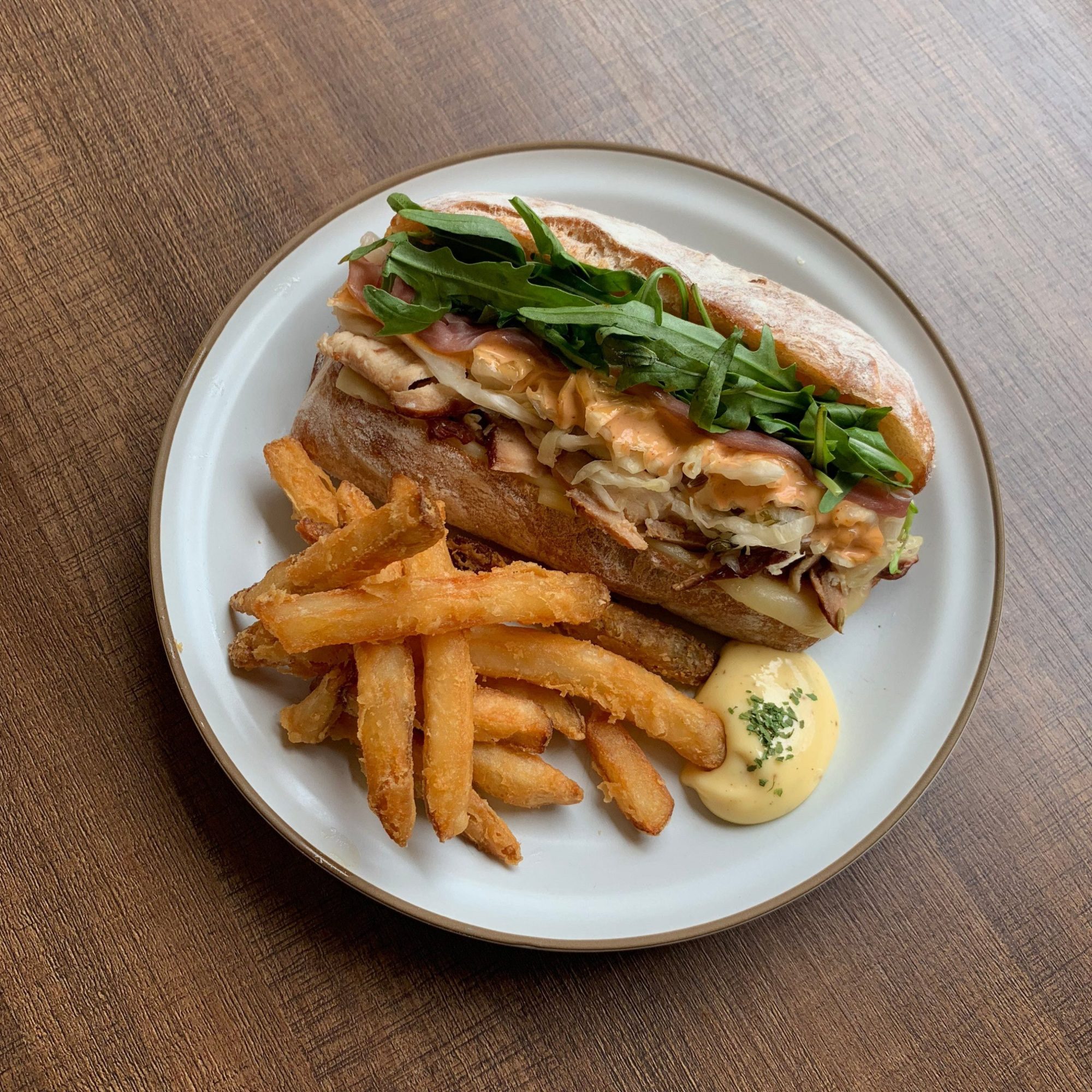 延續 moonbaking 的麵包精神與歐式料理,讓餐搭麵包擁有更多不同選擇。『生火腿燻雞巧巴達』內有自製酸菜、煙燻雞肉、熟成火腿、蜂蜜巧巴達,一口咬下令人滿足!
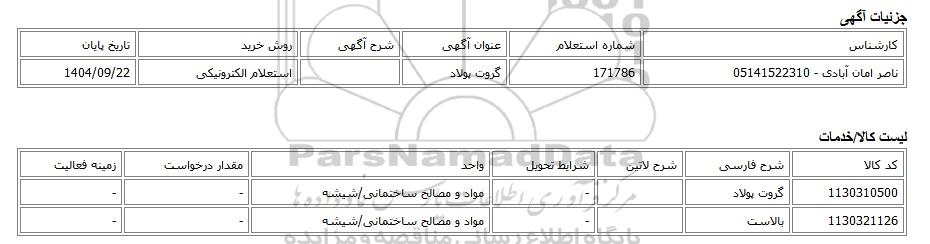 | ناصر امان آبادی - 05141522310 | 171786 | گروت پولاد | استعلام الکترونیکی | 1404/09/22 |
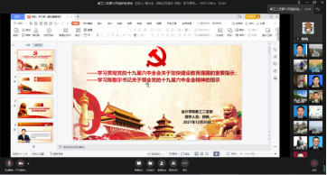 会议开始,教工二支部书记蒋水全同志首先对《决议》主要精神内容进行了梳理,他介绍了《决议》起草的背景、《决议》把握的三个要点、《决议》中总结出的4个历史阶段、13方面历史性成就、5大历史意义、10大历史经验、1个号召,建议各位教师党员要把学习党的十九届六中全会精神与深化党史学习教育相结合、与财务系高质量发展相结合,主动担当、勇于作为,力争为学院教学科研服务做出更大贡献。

• _Problem details_: All lines from the one holding "الکترونیکی | 1404/09/22 |" through the last line of the material above should be set down exactly, and the pictures should be left out.

• _Answer to this exercise_:
 | ناصر امان آبادی - 05141522310 | 171786 | گروت پولاد | استعلام الکترونیکی | 1404/09/22 |
 会议开始,教工二支部书记蒋水全同志首先对《决议》主要精神内容进行了梳理,他介绍了《决议》起草的背景、《决议》把握的三个要点、《决议》中总结出的4个历史阶段、13方面历史性成就、5大历史意义、10大历史经验、1个号召,建议各位教师党员要把学习党的十九届六中全会精神与深化党史学习教育相结合、与财务系高质量发展相结合,主动担当、勇于作为,力争为学院教学科研服务做出更大贡献。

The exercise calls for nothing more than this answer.